Record extracts:
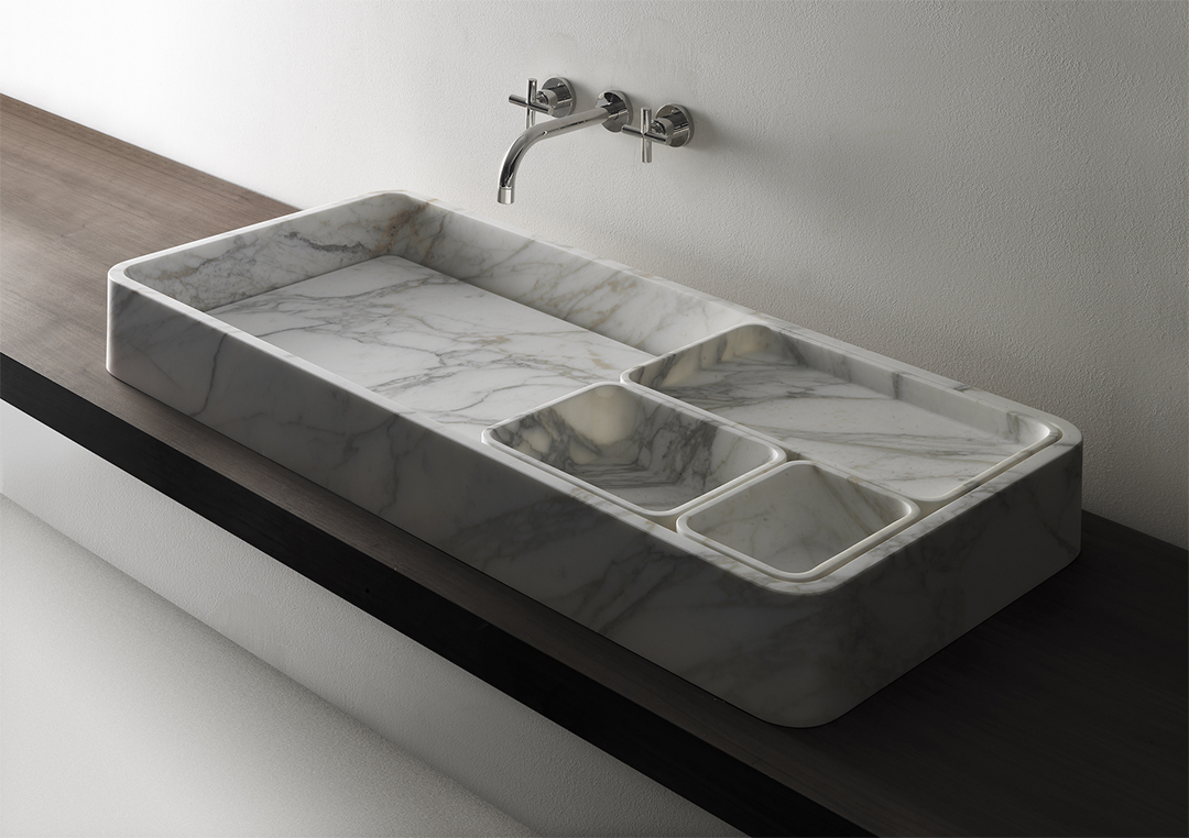 Kreoo is an Italian company that makes tasteful furniture in marble. Its latest launch is a bathroom sink inspired by the bento box of the food industry.
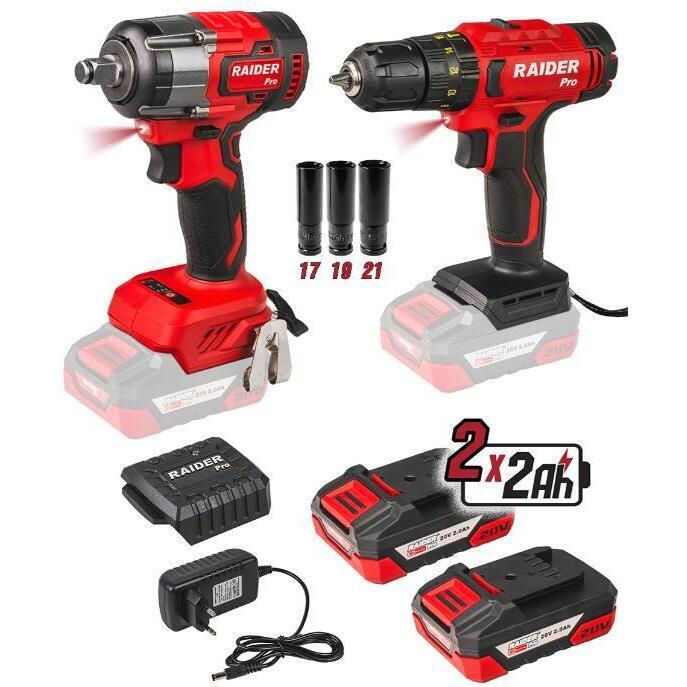 Тип: набор электроинструментов / Комплектация: дрель-шуруповёрт;гайковёрт / Тип питания: аккумулятор / Количество аккумуляторов в комплекте: 2
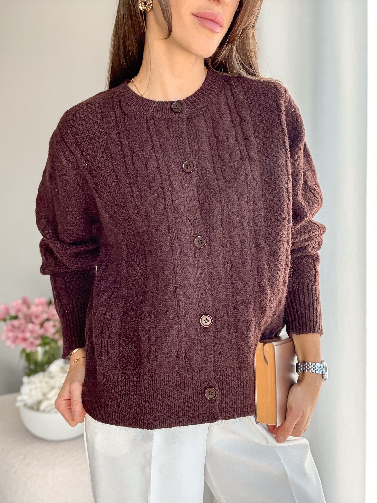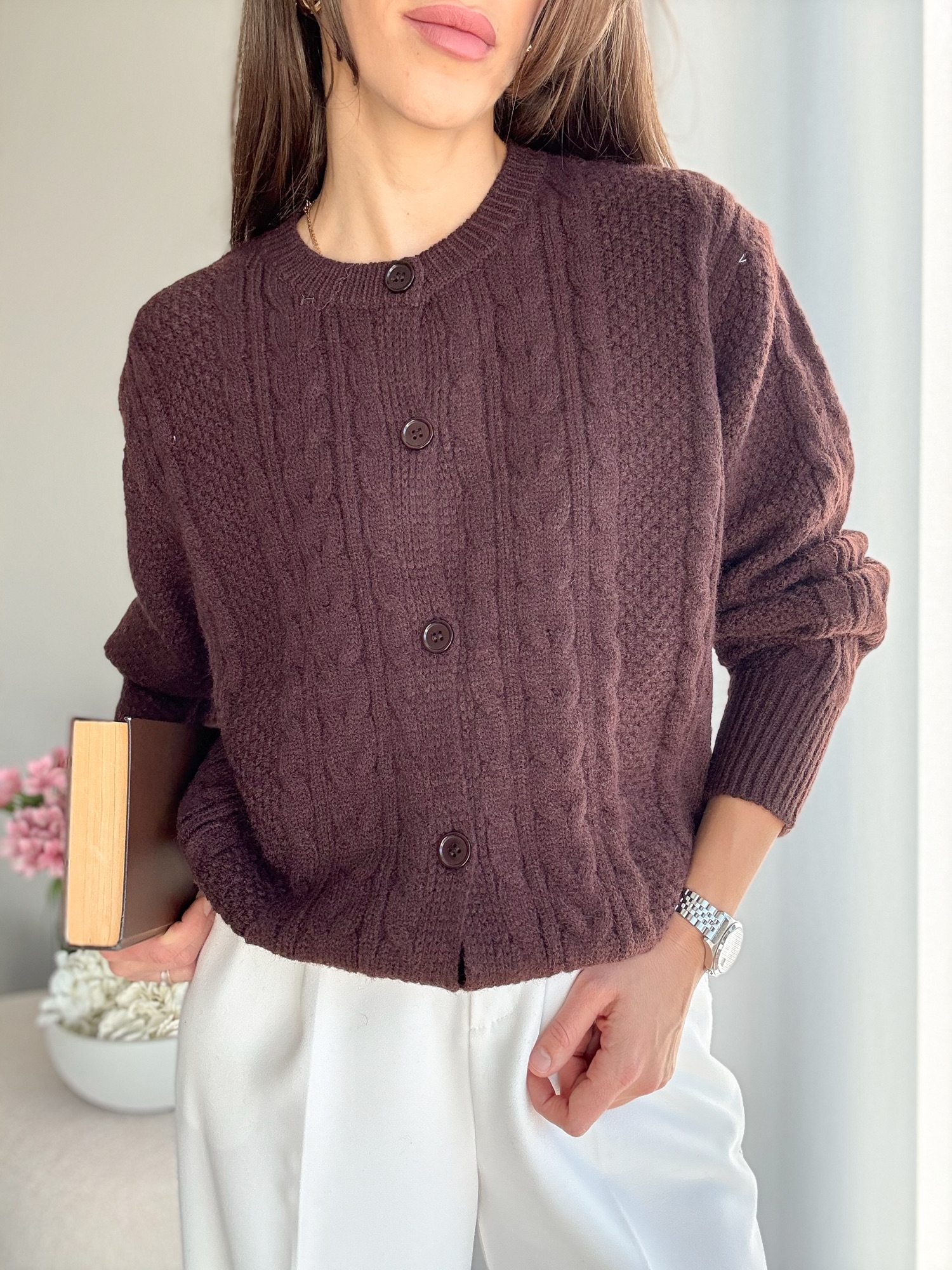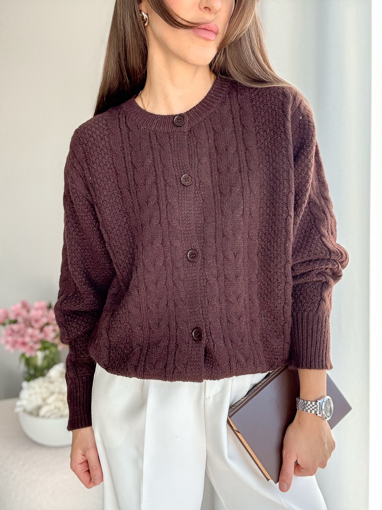 Kardigan Sofia brąz – wełna+wiskoza
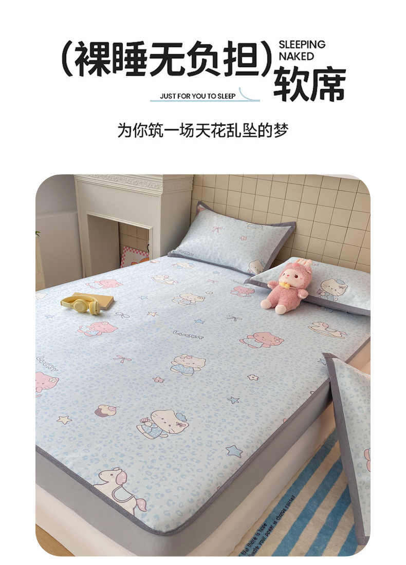 (总)金盛纺 2026新款A类数码印花冰丝席(可定制)-床笠款,星星仔,彩虹小马,草莓心,动物天团,桂闲风,花间甜语,蓝猫,泡泡嘟嘟,夏日萌龙记,星月小熊
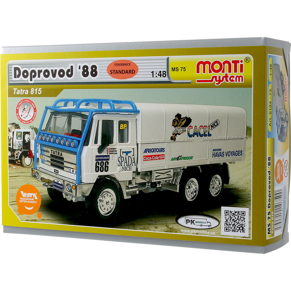 Stavebnice Monti 75 Tatra 815 doprovod Rallye 1988 1:48 v krabici 22x15x6cm
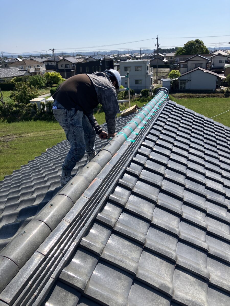 昨日で、浜松市中央区中郡町M様邸の屋根修理工事で棟瓦瓦止め工事に
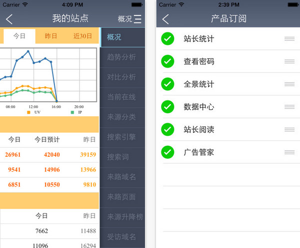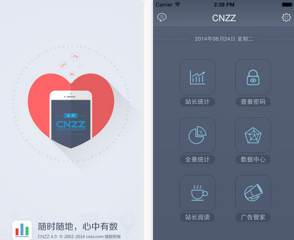 CNZZ手机客户端包含CNZZ站长统计、全景统计分析,供广大站长随时随地手机查看网站数据。支持网站概况、历史趋势、来源来路、搜索引擎、搜索词、访客分析等。

Task to complete:
Every line above should be reproduced exactly, please, with no pictures included.

Solution to the exercise:
 Kreoo is an Italian company that makes tasteful furniture in marble. Its latest launch is a bathroom sink inspired by the bento box of the food industry.
 Тип: набор электроинструментов / Комплектация: дрель-шуруповёрт;гайковёрт / Тип питания: аккумулятор / Количество аккумуляторов в комплекте: 2
 Kardigan Sofia brąz – wełna+wiskoza
 (总)金盛纺 2026新款A类数码印花冰丝席(可定制)-床笠款,星星仔,彩虹小马,草莓心,动物天团,桂闲风,花间甜语,蓝猫,泡泡嘟嘟,夏日萌龙记,星月小熊
 Stavebnice Monti 75 Tatra 815 doprovod Rallye 1988 1:48 v krabici 22x15x6cm
 昨日で、浜松市中央区中郡町M様邸の屋根修理工事で棟瓦瓦止め工事に
 CNZZ手机客户端包含CNZZ站长统计、全景统计分析,供广大站长随时随地手机查看网站数据。支持网站概况、历史趋势、来源来路、搜索引擎、搜索词、访客分析等。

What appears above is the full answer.